Exercise prompt: The expected output is every record below, transcribed exactly, with the pictures left out.

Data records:
--------------------
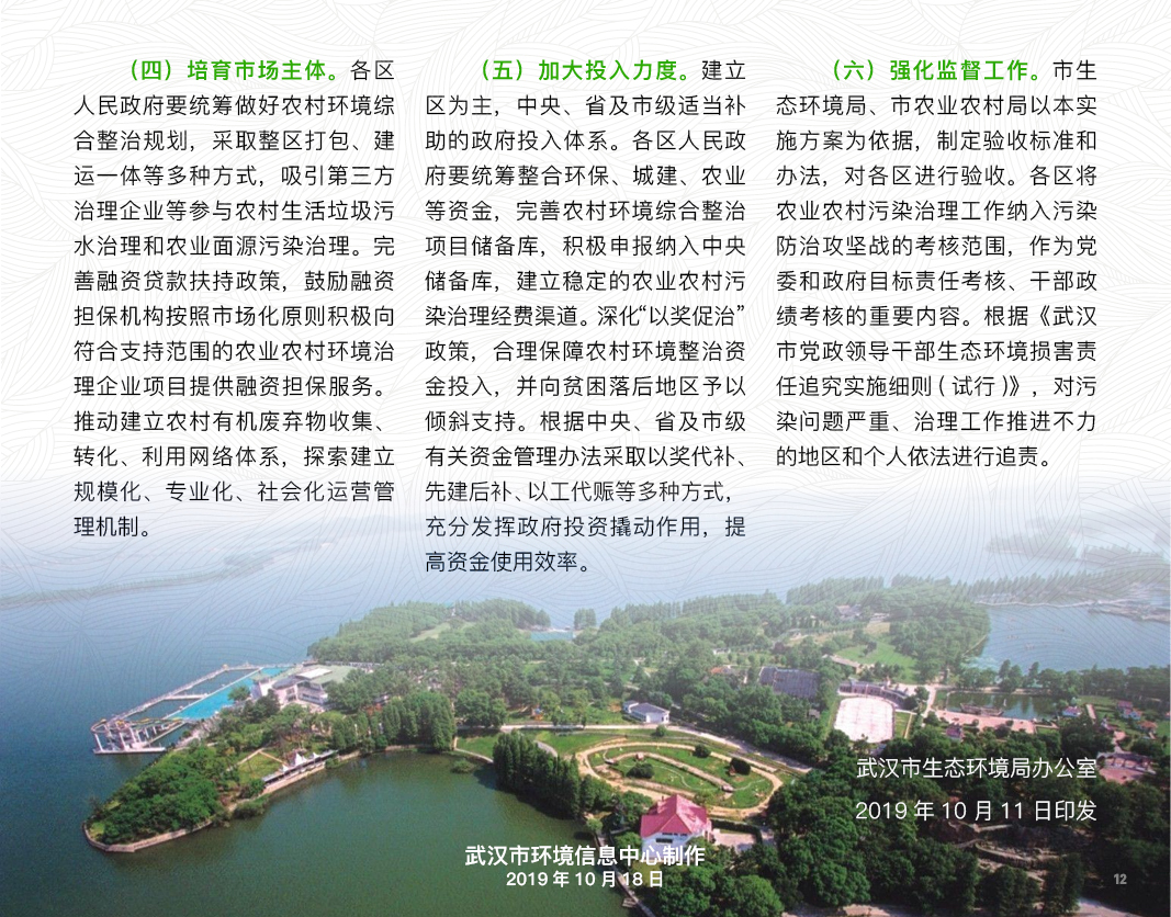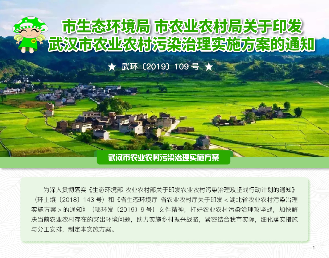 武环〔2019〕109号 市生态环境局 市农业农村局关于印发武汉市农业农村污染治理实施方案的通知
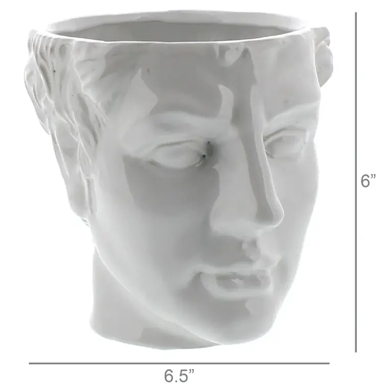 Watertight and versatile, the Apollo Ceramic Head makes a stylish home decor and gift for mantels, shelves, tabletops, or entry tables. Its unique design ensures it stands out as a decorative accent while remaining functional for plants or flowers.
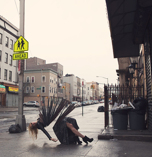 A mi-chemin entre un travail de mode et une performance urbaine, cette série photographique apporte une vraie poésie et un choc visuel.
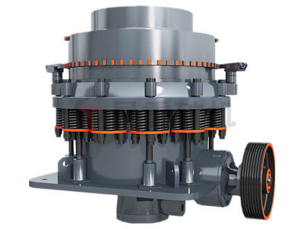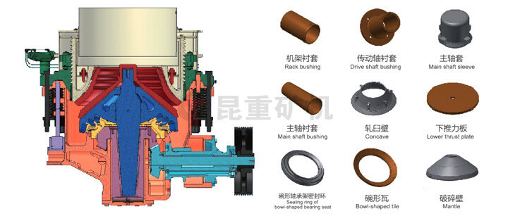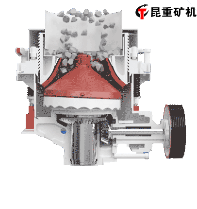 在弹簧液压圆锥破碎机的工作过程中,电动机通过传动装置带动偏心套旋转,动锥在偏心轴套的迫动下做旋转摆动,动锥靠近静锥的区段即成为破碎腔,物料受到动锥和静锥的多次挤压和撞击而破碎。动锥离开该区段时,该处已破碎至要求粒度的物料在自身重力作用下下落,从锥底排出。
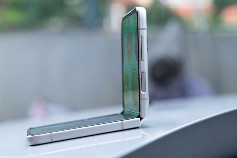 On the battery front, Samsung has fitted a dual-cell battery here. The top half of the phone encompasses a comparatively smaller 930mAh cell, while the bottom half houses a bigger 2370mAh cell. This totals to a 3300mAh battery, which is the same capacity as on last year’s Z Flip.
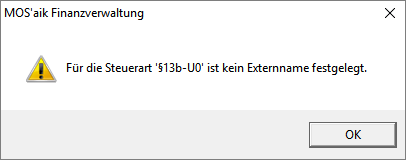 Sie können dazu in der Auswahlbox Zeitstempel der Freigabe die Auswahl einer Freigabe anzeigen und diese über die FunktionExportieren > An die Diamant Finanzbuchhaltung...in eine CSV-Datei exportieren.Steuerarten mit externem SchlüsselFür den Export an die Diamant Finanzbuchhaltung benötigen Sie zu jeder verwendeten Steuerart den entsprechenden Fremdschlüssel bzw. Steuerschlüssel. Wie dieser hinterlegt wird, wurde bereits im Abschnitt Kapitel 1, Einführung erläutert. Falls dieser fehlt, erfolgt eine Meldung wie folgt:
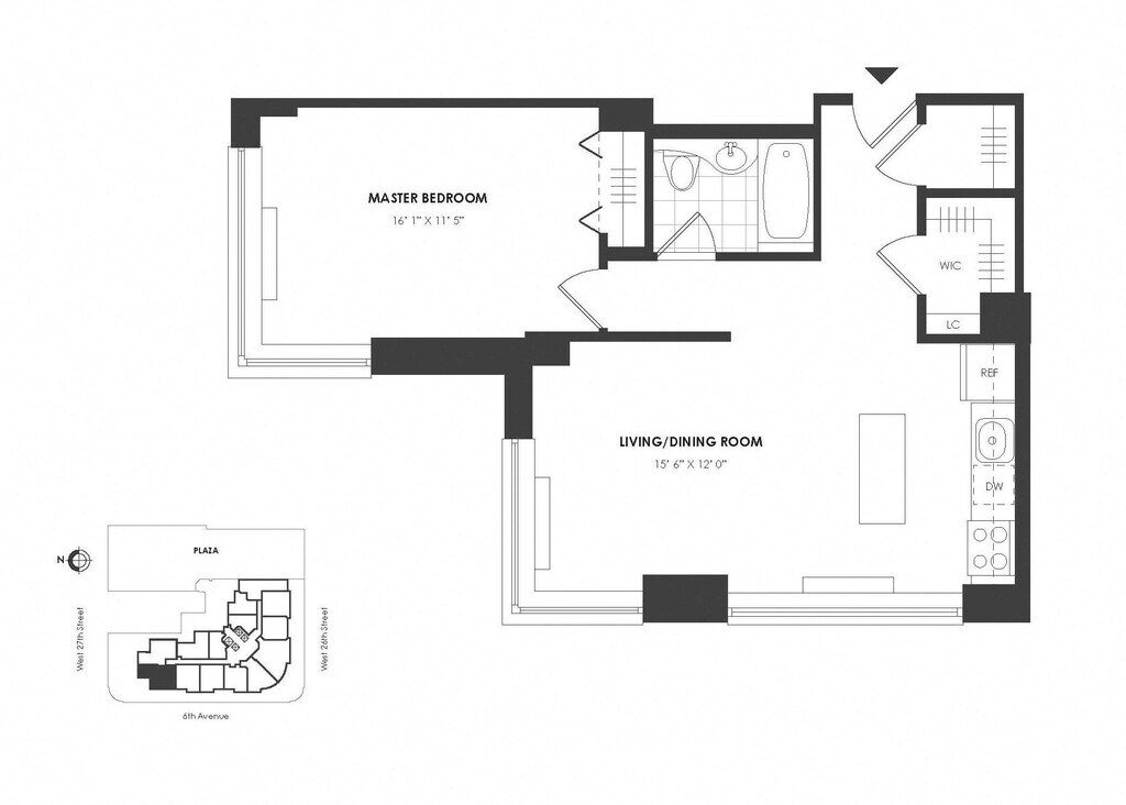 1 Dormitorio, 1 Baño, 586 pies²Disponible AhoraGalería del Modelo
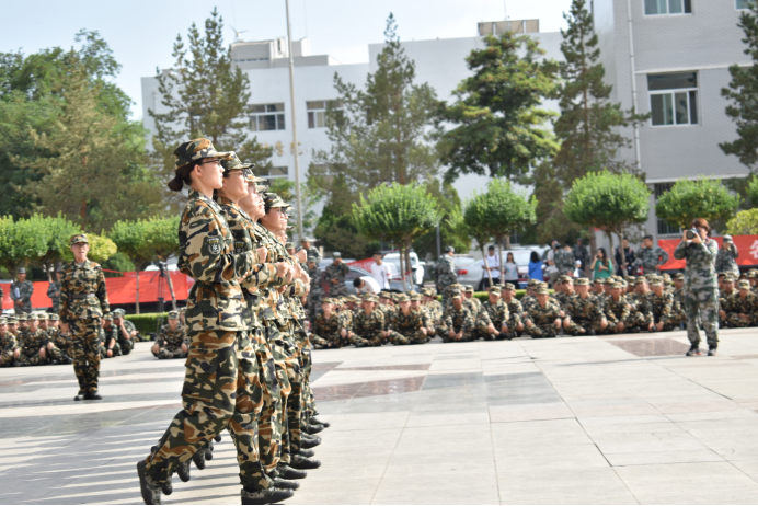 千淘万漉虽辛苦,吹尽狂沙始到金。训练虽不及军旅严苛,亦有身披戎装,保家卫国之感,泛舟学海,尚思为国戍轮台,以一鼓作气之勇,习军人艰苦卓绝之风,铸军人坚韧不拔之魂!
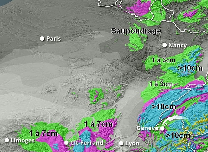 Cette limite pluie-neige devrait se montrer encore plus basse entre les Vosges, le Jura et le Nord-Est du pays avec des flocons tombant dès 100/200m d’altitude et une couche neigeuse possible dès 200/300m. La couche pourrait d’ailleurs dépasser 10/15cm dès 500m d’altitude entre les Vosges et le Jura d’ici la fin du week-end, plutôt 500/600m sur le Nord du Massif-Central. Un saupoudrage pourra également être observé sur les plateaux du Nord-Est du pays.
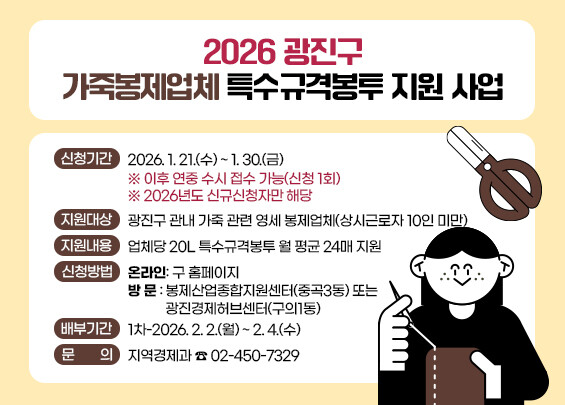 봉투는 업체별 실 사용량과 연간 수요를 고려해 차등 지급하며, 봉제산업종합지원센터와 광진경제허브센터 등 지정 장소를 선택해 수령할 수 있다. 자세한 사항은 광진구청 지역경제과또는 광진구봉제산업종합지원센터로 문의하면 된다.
--------------------
Exercise result:
 武环〔2019〕109号 市生态环境局 市农业农村局关于印发武汉市农业农村污染治理实施方案的通知
 Watertight and versatile, the Apollo Ceramic Head makes a stylish home decor and gift for mantels, shelves, tabletops, or entry tables. Its unique design ensures it stands out as a decorative accent while remaining functional for plants or flowers.
 A mi-chemin entre un travail de mode et une performance urbaine, cette série photographique apporte une vraie poésie et un choc visuel.
 在弹簧液压圆锥破碎机的工作过程中,电动机通过传动装置带动偏心套旋转,动锥在偏心轴套的迫动下做旋转摆动,动锥靠近静锥的区段即成为破碎腔,物料受到动锥和静锥的多次挤压和撞击而破碎。动锥离开该区段时,该处已破碎至要求粒度的物料在自身重力作用下下落,从锥底排出。
 On the battery front, Samsung has fitted a dual-cell battery here. The top half of the phone encompasses a comparatively smaller 930mAh cell, while the bottom half houses a bigger 2370mAh cell. This totals to a 3300mAh battery, which is the same capacity as on last year’s Z Flip.
 Sie können dazu in der Auswahlbox Zeitstempel der Freigabe die Auswahl einer Freigabe anzeigen und diese über die FunktionExportieren > An die Diamant Finanzbuchhaltung...in eine CSV-Datei exportieren.Steuerarten mit externem SchlüsselFür den Export an die Diamant Finanzbuchhaltung benötigen Sie zu jeder verwendeten Steuerart den entsprechenden Fremdschlüssel bzw. Steuerschlüssel. Wie dieser hinterlegt wird, wurde bereits im Abschnitt Kapitel 1, Einführung erläutert. Falls dieser fehlt, erfolgt eine Meldung wie folgt:
 1 Dormitorio, 1 Baño, 586 pies²Disponible AhoraGalería del Modelo
 千淘万漉虽辛苦,吹尽狂沙始到金。训练虽不及军旅严苛,亦有身披戎装,保家卫国之感,泛舟学海,尚思为国戍轮台,以一鼓作气之勇,习军人艰苦卓绝之风,铸军人坚韧不拔之魂!
 Cette limite pluie-neige devrait se montrer encore plus basse entre les Vosges, le Jura et le Nord-Est du pays avec des flocons tombant dès 100/200m d’altitude et une couche neigeuse possible dès 200/300m. La couche pourrait d’ailleurs dépasser 10/15cm dès 500m d’altitude entre les Vosges et le Jura d’ici la fin du week-end, plutôt 500/600m sur le Nord du Massif-Central. Un saupoudrage pourra également être observé sur les plateaux du Nord-Est du pays.
 봉투는 업체별 실 사용량과 연간 수요를 고려해 차등 지급하며, 봉제산업종합지원센터와 광진경제허브센터 등 지정 장소를 선택해 수령할 수 있다. 자세한 사항은 광진구청 지역경제과또는 광진구봉제산업종합지원센터로 문의하면 된다.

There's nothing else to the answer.